Having converted my system partition to NTFS many months ago, my recovery options are somewhat limited. I explored the world of alternative boot disks, Ultimate Boot CD and Bart’s Preinstalled Environment being the two leaders. The Linux distros on the Ultimate Boot CD appear to support NTFS but I couldn’t tell since my keyboard is a USB model and it looks like their Linux version don’t support that (yet).

Bart’s is a stripped-down XP installation you boot from CD. It’s really quite a remarkable effort — there is no Explorer GUI but you can run the command processor and REGEDIT and edit your services definitions and, since it’s really XP, you can get to all of your NTFS disks.

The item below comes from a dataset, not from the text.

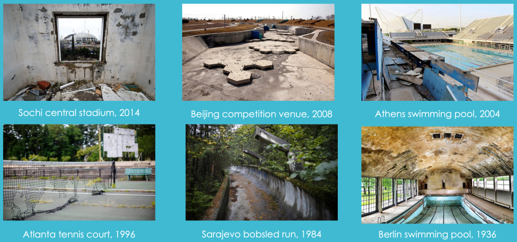Many venues of the previous host cities, such as Rio 2016, Beijing 2008, Grenoble 1968, and Berlin 1936 have been abandoned. This obviously explains that many countries hosted Olympic Games without any long-term legacy plans which lead them to the disaster. Also, past experiences showed that outcomes from staging major events are mostly harmful and negative, especially if one considers how sports facilities and their surroundings are utilized after the end of the event. In the end, these abandoned venues teach a lesson that the Olympic Games are a giant waste of money.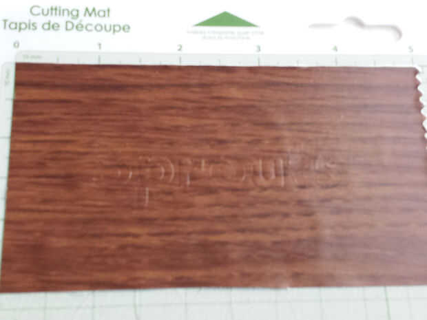 Recortar el papel de contacto para ajustar su plantilla. Corté una pieza de 3 "x 5". Pegar el papel de contacto a la almohadilla de corte con el papel del forro lateral hacia abajo.

I also discovered some good resources on the syntasx and options available in BOOT.INI. This one from SysInternals defines all of the options for Windows 2000. And, of course, Microsoft has an excellent description of all parameters in this article from the Windows XP Resource Kit. It includes not only the explanation for the multi() lines but also scsi(), signature() and a section on editing and repairing BOOT.INI. Sure wish I’d known all this ahead of time!

Anyway, after nearly an entire day I decided I’d try BOOTCFG /REBUILD from the Recovery Console and, y’know what? — it worked! I still haven’t figured out why, with an identical partition structure, the old disk’s OS was on partition(1) and the new disk’s OS is on partition(2) but I’m sure I’ll find it.

Just wanted to pass this along.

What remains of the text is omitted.